Figure 2: This plot shows the smoothed average reward for each configuration. The 4 local / 4 external setup (green) consistently outperforms the others for most of the training process.

The balanced 4/4 strategy consistently beats other setups for most of training.

The Goldilocks Principle of Sharing

Too much sharing can destabilize learning. In Figure 2, the 2/6 setup (orange) oscillates heavily—large gains followed by steep drops. The authors cite two causes:

  1. Quality Dilution: High-performing agents slow down when they over-sample low-quality rollouts.
  2. Pool Stagnation: If agents consume more than they contribute, the shared pool’s quality drops, causing collective forgetting.

Conclusion: share enough to benefit from collective intelligence, but not so much that instability creeps in.

In the Wild: Large-Scale Demo

Controlled tests are idealized. The team also ran a massive open-source demo with thousands of Gensyn community nodes running diverse models and hardware. The swarm was highly dynamic, with nodes joining/leaving.

By comparing swarm-trained vs. isolated models, they found that Qwen2.5 0.5B models gained significant benefits from SAPO.

Figure 3: This chart compares the cumulative rewards of Qwen2.5 0.5B models trained with SAPO in the swarm versus in isolation. After about 175 rounds, the swarm-trained models show a statistically significant performance advantage.

After ~175 normalized rounds, swarm-trained models (blue) pulled away from isolated ones (orange) with statistically significant gains.

Interestingly, more powerful models saw less impact here. The authors suggest SAPO’s collective learning suits mid-capacity models best—they have more room to grow from diverse external rollouts. They also note the demo used uniform random sampling; smarter rollout selection could help all models benefit.

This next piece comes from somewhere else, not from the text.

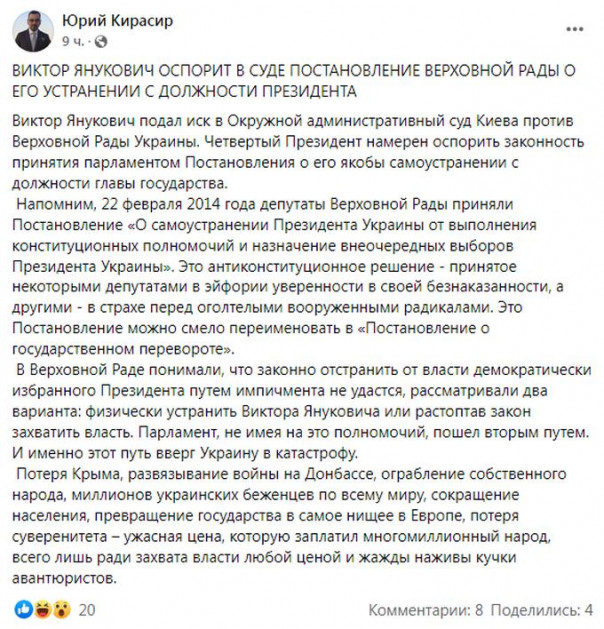 «Четвертый президент намерен оспорить законность принятия парламентом постановления о его якобы самоустранении с должности главы государства. Это антиконституционное решение, принятое некоторыми депутатами в эйфории уверенности в своей безнаказанности, а другими — в страхе перед оголтелыми вооруженными радикалами», — написал Кирасир на своей странице в соцсети.

Conclusion: A More Collaborative Future for AI

SAPO is a compelling alternative to centralized, resource-heavy RL post-training:

  • Scalable: No synchronization bottlenecks.
  • Efficient: Shares lightweight text instead of massive parameters.
  • Democratic: Enables heterogeneous participants to contribute and benefit.

The key insight: balanced experience sharing dramatically accelerates learning. One agent’s breakthrough can ripple across the swarm, lifting everyone.

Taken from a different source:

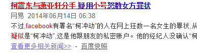 而柯震东和萧亚轩分手还在Facebook八出一个小号,疑似影射萧亚轩

The paper invites exciting future directions:

  • Swarms with task-specialized agents
  • Human participants injecting their own rollouts
  • Multi-modal swarms—imagine AI artists sharing images and aesthetic reward functions, collectively evolving a style

SAPO is more than an algorithm—it’s a vision for collaborative, accessible AI development, where sharing isn’t just caring—it’s how we get smarter, together.